Dryandra National Park

Sitting 22 kilometres from Narrogin, this national park is the largest remaining area of virgin forest in the western Wheatbelt. It’s a great representation of the area before it was cleared, and comes to life with wandoo, powderbark, pockets of jarrah and marri, mallee and rock sheoak. Keep an eye out for the malleefowl building mounds or the numbat, which can sometimes be seen in the undergrowth.

Lake Grace

This region is encircled by glittering salt lakes, which truly is a sight to see! Known for western mallee, as well as a large number of indigenous plant groups, such as hakea, eucalypts, acacia and grevillea, Lake Grace is one of the Wheatbelt’s prime wildflower spots, and is listed as one of 34 plant biodiversity hotspots. Wander down the walking trails to see these blooms up close and personal.

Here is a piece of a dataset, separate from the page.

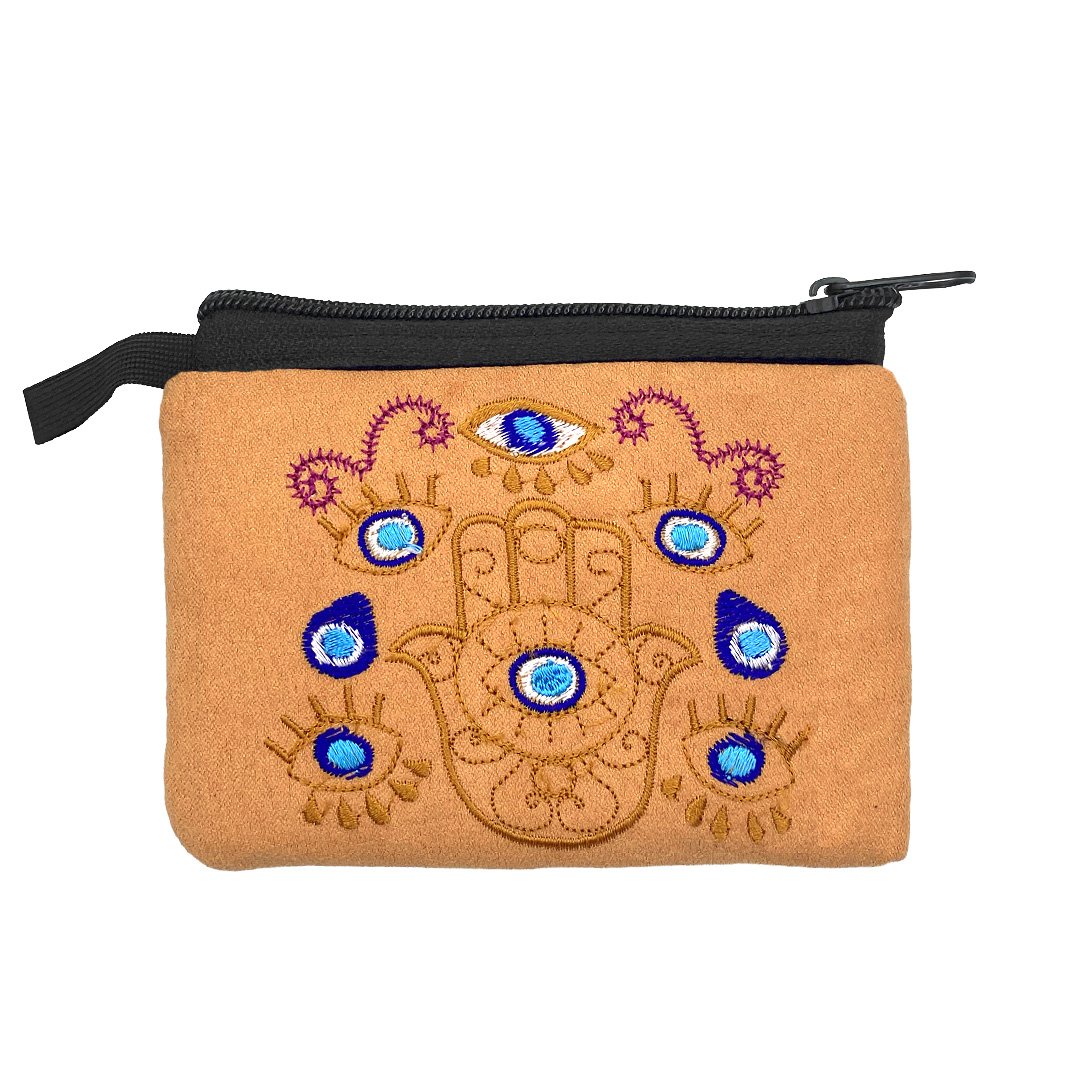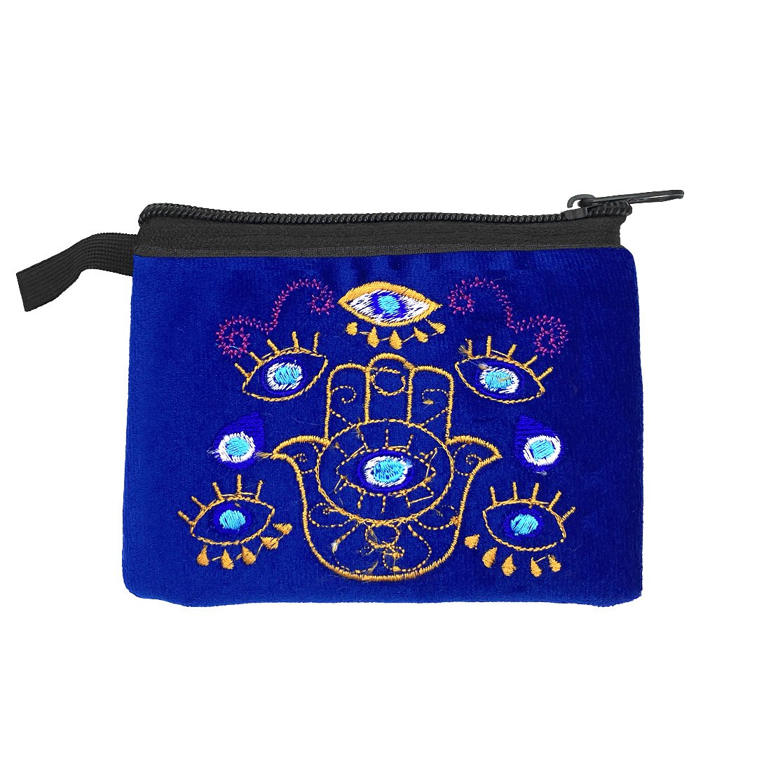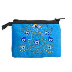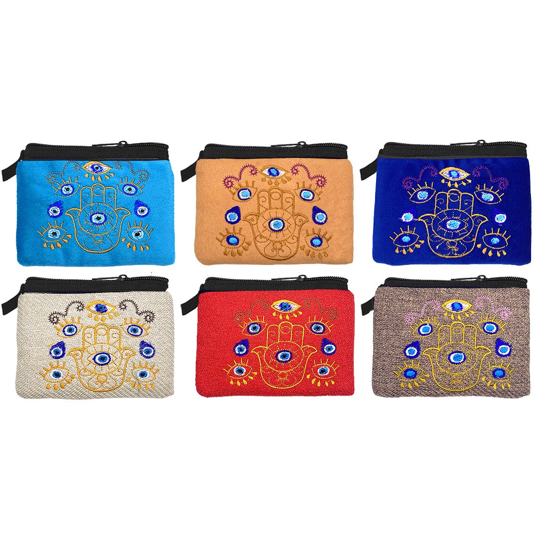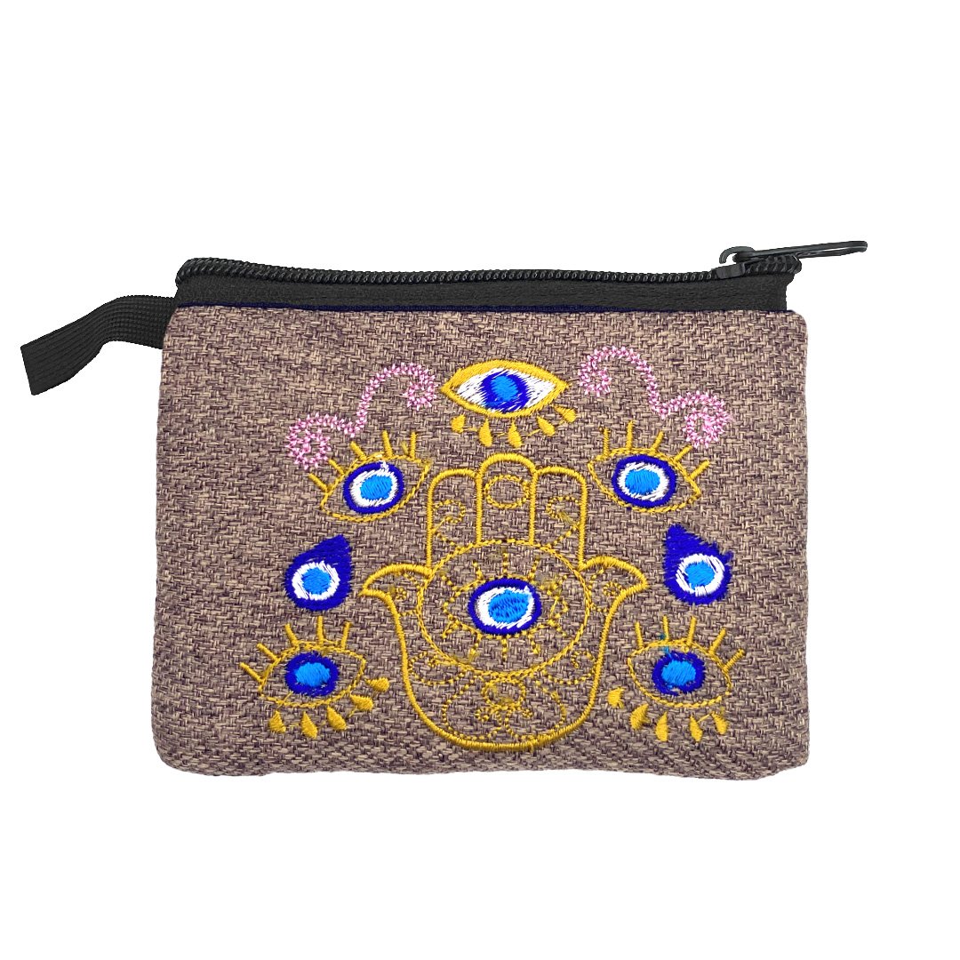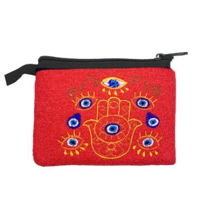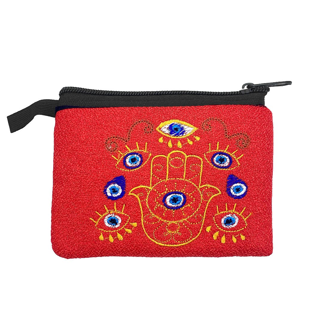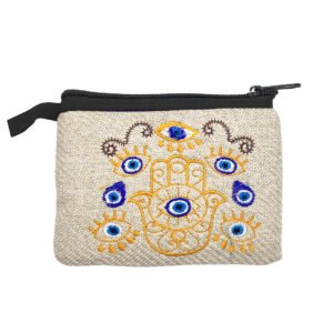 Rectangle shaped woven coin purse pouch bag with hamsa hand and evil eye design. Bag is slightly cushioned with lightweight padding.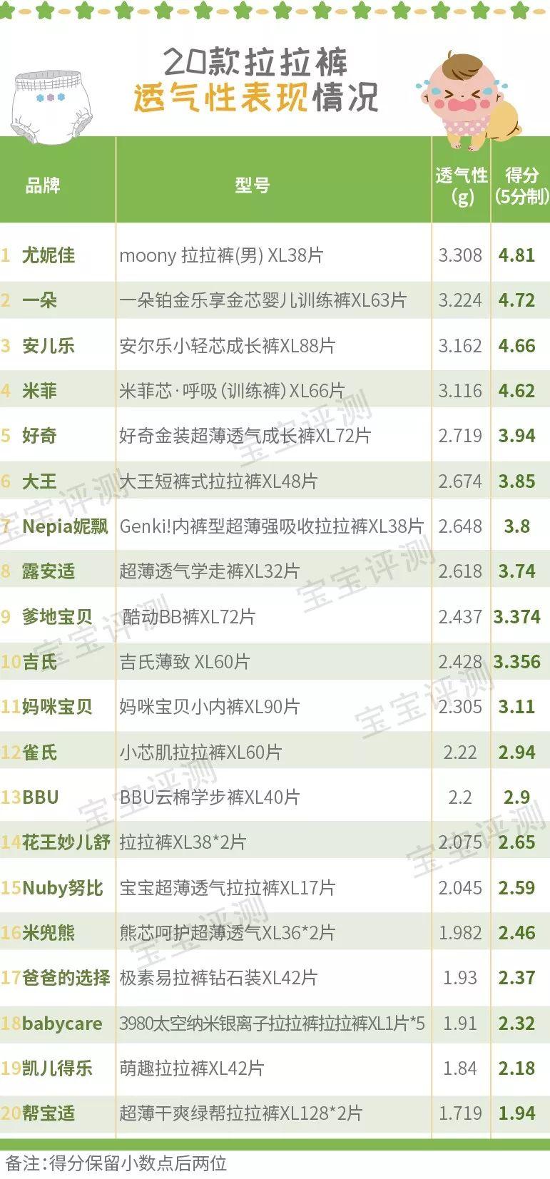 2、這里需要提示一下,拉拉褲的輕薄程度(參見下面的評測結果)和透氣并沒有正相關的關系,比如幫寶適,在20款中是輕薄的,但透氣性卻是得分墊底的。其他類似的還有安兒樂、好奇等產(chǎn)品。

Wave Rock and Buckley’s Breakaway

Kulin is known for its annual Bush Races event and the Tin Horse Highway. Aside from the colourful tin horse statues, it’s also a great region for seeing wildflowers in their full glory. Located 70 kilometres east of Kulin, on the way to Wave Rock, is Buckley’s Breakaway. It’s a beautiful landscape, with white and orange cliffs rising and falling to emulate a wave. Come here to see golden prickly dryandras, pink petrophiles, blue dampiera and delicate orchids.